BEGIN INFORMATION GIVEN
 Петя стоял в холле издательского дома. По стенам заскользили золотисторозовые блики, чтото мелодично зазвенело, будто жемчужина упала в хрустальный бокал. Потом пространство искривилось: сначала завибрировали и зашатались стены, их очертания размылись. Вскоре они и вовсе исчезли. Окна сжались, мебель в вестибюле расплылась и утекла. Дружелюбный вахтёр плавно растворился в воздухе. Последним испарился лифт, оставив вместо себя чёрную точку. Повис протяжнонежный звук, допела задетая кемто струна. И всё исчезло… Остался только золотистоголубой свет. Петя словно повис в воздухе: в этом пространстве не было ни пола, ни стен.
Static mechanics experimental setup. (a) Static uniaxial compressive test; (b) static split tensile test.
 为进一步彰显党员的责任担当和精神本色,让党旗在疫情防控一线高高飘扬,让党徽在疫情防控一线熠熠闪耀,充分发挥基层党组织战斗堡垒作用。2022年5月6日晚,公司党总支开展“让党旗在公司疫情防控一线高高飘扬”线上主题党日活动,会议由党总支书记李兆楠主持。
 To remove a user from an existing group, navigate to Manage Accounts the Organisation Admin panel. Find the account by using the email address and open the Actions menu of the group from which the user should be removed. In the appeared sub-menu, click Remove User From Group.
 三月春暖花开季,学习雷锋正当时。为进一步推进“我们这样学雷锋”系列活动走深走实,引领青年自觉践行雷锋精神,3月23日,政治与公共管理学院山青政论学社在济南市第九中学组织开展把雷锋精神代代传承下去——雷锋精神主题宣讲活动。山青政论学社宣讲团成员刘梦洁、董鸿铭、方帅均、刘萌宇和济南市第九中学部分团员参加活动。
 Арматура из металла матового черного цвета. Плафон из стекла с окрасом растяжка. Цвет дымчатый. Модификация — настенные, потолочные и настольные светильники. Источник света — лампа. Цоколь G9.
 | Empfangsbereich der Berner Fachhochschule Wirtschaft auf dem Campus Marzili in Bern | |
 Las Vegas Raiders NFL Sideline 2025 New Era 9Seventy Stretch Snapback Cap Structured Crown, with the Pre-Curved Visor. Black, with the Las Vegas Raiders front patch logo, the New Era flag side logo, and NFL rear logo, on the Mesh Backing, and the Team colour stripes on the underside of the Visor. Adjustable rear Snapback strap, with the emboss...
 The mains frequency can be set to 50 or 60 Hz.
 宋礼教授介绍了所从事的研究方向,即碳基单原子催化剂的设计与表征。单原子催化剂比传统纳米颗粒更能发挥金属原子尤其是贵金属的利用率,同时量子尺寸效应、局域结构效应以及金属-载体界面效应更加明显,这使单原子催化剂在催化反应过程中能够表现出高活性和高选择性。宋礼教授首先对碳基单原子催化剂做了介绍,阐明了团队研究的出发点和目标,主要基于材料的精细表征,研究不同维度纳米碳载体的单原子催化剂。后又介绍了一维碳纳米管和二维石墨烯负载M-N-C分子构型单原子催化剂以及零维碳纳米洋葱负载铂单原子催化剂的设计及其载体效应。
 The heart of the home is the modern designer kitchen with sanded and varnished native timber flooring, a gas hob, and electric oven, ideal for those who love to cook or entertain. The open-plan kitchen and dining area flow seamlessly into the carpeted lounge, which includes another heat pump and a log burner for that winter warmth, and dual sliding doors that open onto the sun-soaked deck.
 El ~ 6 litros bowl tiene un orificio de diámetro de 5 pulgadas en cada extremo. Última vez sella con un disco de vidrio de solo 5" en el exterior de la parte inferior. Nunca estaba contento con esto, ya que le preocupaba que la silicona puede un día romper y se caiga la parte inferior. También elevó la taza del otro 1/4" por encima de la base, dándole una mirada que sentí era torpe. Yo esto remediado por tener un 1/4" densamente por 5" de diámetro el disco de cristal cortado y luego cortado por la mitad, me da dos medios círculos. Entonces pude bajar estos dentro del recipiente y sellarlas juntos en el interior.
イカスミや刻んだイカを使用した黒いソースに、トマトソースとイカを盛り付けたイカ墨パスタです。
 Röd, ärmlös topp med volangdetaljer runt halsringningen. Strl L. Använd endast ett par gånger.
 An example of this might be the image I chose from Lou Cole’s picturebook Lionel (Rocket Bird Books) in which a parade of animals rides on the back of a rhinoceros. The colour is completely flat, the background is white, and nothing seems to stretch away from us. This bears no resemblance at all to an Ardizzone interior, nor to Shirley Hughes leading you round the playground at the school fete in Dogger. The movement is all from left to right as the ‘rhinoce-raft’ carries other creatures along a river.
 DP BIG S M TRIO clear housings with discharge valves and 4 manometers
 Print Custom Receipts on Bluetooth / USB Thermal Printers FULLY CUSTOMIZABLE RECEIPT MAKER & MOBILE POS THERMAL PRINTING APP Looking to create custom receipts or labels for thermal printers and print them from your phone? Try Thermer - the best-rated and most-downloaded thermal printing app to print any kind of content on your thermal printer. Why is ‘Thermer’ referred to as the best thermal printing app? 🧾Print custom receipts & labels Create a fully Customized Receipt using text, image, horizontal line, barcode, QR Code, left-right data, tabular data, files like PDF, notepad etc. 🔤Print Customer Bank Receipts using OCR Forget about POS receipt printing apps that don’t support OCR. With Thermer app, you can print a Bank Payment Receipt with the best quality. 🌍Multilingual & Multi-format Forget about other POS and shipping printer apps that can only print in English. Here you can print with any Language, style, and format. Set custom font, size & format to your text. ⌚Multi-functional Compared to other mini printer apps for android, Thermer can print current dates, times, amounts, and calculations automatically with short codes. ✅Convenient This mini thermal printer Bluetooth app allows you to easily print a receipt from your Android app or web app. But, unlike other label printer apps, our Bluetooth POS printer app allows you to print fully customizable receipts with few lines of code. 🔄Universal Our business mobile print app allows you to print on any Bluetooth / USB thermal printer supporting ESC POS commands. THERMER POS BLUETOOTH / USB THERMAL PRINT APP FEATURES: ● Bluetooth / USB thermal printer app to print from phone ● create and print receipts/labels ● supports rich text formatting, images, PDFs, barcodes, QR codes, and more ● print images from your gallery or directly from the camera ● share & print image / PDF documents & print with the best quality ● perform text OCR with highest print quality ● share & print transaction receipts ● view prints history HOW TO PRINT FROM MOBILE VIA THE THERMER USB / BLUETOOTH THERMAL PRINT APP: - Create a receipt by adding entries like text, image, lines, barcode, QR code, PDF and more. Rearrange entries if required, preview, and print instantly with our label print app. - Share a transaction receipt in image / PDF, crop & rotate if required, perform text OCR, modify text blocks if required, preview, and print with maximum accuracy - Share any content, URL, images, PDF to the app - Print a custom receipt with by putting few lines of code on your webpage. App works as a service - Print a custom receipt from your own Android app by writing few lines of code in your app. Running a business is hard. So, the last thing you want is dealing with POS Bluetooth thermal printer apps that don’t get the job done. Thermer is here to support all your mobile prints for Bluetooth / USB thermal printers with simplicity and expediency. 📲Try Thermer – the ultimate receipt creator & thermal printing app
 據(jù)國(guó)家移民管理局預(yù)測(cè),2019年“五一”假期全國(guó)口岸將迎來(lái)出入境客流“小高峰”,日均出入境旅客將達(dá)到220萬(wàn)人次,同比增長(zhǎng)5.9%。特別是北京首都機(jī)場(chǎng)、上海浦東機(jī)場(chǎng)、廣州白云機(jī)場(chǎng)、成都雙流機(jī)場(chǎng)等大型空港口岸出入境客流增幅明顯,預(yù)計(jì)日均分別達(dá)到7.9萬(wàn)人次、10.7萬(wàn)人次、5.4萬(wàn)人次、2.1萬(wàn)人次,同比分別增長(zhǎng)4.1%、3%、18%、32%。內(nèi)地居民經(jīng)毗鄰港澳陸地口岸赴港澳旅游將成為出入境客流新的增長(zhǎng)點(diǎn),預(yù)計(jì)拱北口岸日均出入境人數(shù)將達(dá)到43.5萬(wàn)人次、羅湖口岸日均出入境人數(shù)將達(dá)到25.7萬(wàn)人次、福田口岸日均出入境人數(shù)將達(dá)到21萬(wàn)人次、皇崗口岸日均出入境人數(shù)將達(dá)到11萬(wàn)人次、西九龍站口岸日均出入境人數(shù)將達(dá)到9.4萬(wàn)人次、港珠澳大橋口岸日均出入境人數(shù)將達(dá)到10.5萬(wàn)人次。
END INFORMATION GIVEN
**TASK**
Pick out every line of the listing containing the word "open", and show those lines.

**EXERCISE RESPONSE**
 To remove a user from an existing group, navigate to Manage Accounts the Organisation Admin panel. Find the account by using the email address and open the Actions menu of the group from which the user should be removed. In the appeared sub-menu, click Remove User From Group.
 The heart of the home is the modern designer kitchen with sanded and varnished native timber flooring, a gas hob, and electric oven, ideal for those who love to cook or entertain. The open-plan kitchen and dining area flow seamlessly into the carpeted lounge, which includes another heat pump and a log burner for that winter warmth, and dual sliding doors that open onto the sun-soaked deck.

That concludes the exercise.